NextGens do not suffer fools gladly
“It is a dilemma for those of us who are involved more on the advisory side as opposed to the asset management side,” he observed, “but I guess it has been that way for some considerable time, so probably won’t change very soon. It will really only be when families begin to better understand those conflicts of interest that exist, but when the money gets passed on to the next generations, perhaps then more people will begin to understand the whole issue around these conflicts of interest.”
Pursuing this line of discussion, the panel agreed that the NextGens will very often later choose their own relationships and advisors, not necessarily stick with those of their parents or grandparents.
“If we all want to retain that business and that relationship,” he said, “we have to bring in younger people who are more appealing to and more in tune with that next generation, because older advisors are not at the right age to connect to them.”

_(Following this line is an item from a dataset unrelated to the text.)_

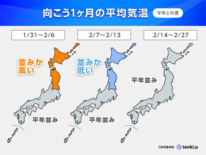 2026年2月は、1月下旬から続く強い寒気の影響を受けつつも、1か月の平均気温は全国的にほぼ平年並みとなる見通しです。

Reaching out to the NextGens
Another expert agreed, noting that the private banks realise this and are fighting back, working hard to appeal to the NextGens with specific events, reach-out and so forth.
Migration to quality
“The midshore jurisdictions such as Hong Kong and Singapore have had a distinct marketing advantage in this phase,” he observed. “The political climate of late has meant that other reputable IFCs, for example Jersey have been benefitting as they are stable and reputable trust jurisdictions with long history and currently offer suitable alternatives to Hong Kong and Singapore.”
The discussion closed with a comment on IFCs, with a panellist commenting that IFCs must be ready for the transition of both wealth and control to the younger generations, and adapt their ranges of offerings and services as well as their approaches to cater to this rising swell of needs and expectations.
Future-proofing the model
“To be a jurisdiction for the future,” Jersey Finance’s An Kelles observed, “IFCs must remain entirely relevant and to do so, they need to reach out to the future generations of Asia, to understand them, to adapt, and to make sure those younger wealthy clients understand what a top quality IFC offers and what it represents. But the first step on this journey is to truly understand the issues involved in this transition, to try to better understand these clients and then to be flexible, nimble and stay entirely relevant to them.”